(Beginning of The data)

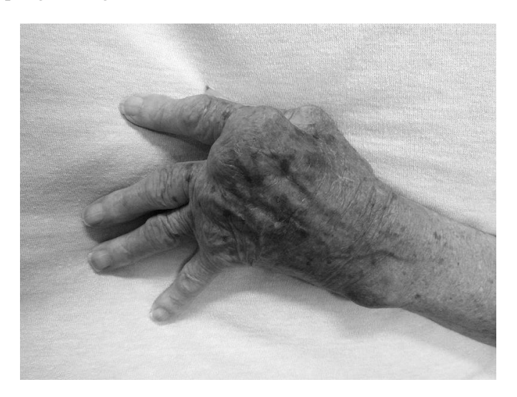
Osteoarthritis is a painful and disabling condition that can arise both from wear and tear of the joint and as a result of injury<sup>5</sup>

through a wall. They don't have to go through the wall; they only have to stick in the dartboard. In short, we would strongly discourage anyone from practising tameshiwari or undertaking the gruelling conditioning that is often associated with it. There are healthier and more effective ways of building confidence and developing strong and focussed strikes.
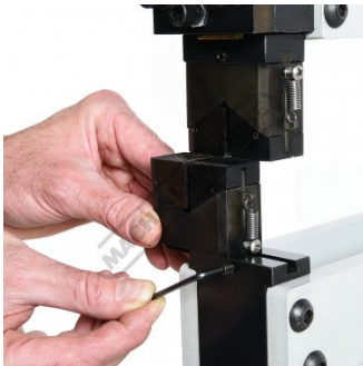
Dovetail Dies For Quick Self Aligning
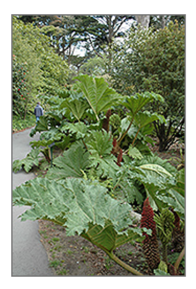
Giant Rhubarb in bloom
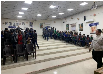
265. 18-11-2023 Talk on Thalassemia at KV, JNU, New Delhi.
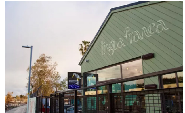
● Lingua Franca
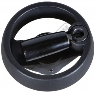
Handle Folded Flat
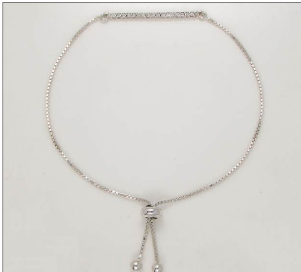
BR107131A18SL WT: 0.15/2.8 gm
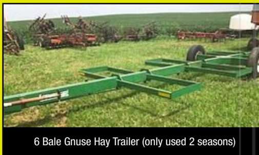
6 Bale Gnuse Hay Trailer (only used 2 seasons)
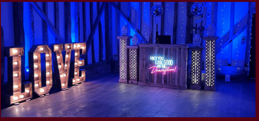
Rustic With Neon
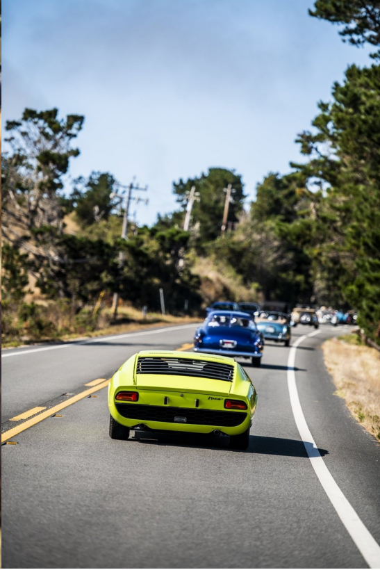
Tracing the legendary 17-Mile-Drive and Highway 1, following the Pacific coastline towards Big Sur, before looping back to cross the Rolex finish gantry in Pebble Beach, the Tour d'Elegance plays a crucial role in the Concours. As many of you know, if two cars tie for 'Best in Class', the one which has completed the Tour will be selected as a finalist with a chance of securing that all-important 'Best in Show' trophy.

(End of The data)
(Beginning of The data)

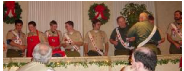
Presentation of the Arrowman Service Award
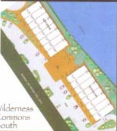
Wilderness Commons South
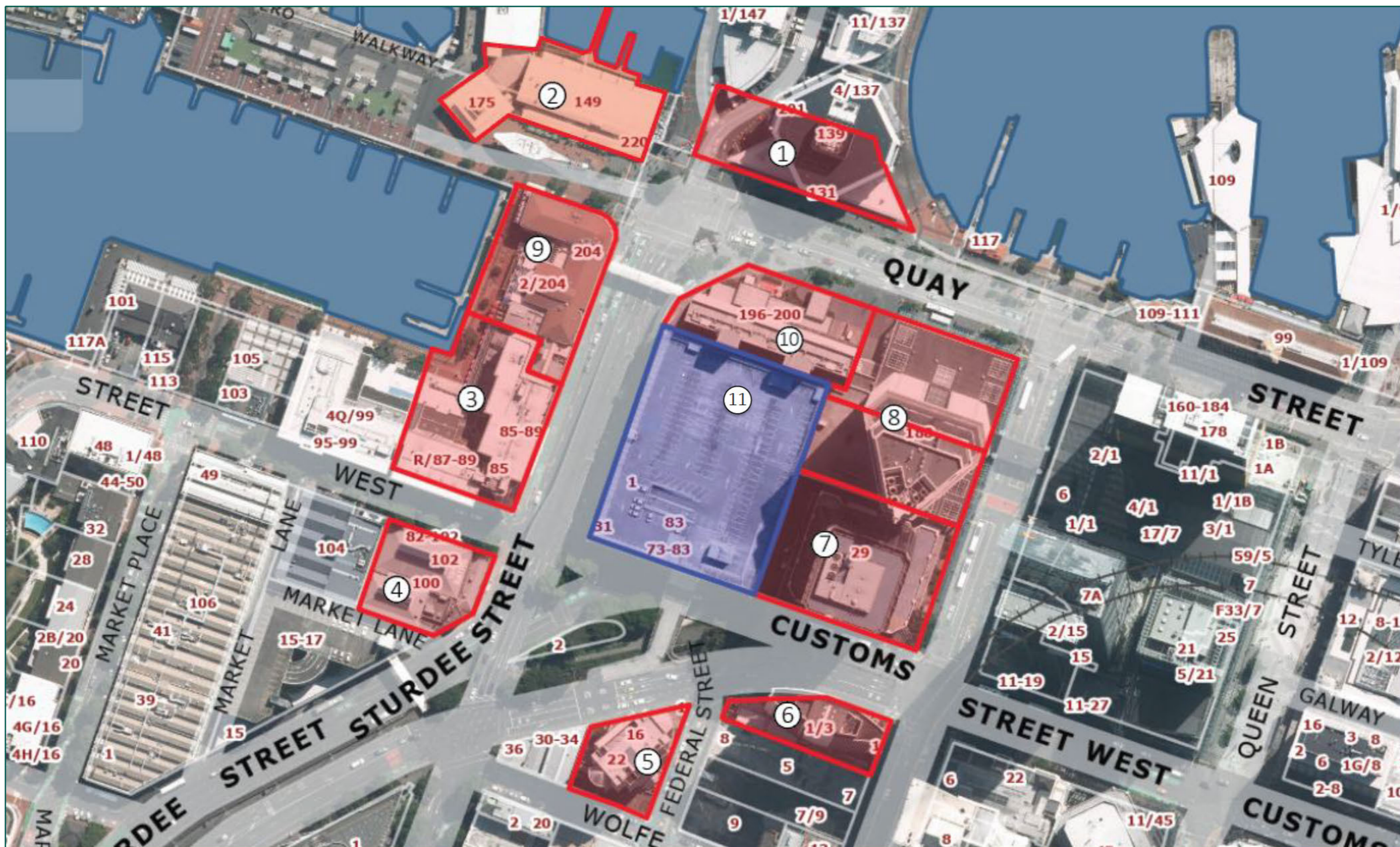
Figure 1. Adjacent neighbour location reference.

(End of The data)
(Beginning of The data)

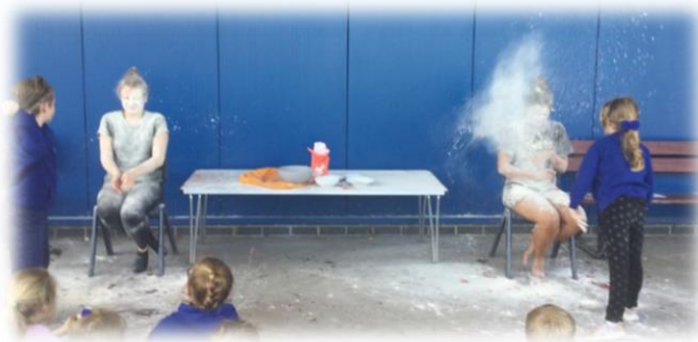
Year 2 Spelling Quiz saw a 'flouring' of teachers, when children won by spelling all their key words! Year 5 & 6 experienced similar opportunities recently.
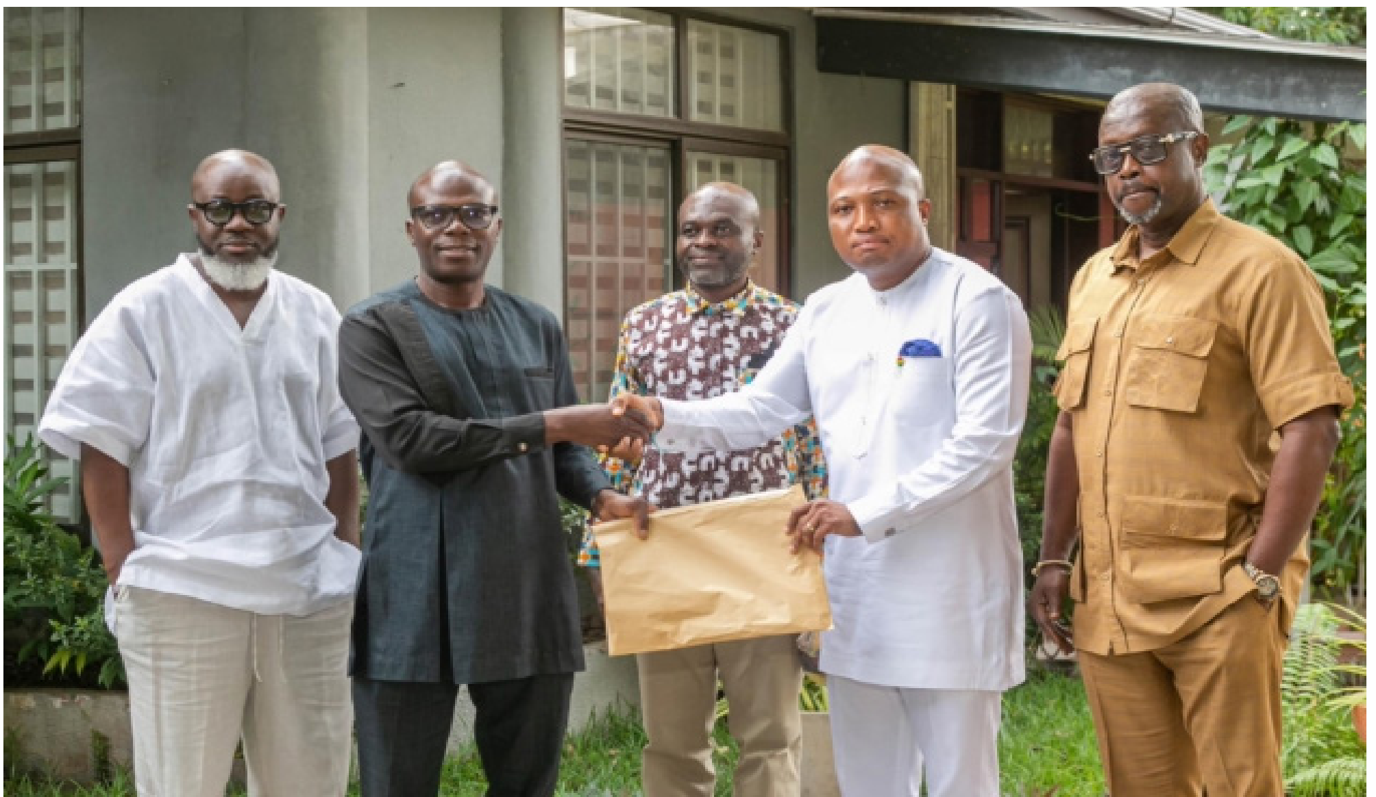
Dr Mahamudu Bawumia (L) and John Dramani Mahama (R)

(End of The data)

What the exercise asks
Leaving each picture behind, please give again exactly the lines above from the one with "Year 2 Spelling" through the one with "Dr Mahamudu Bawumia", both included, and no others.

Task solution
Year 2 Spelling Quiz saw a 'flouring' of teachers, when children won by spelling all their key words! Year 5 & 6 experienced similar opportunities recently.
Dr Mahamudu Bawumia (L) and John Dramani Mahama (R)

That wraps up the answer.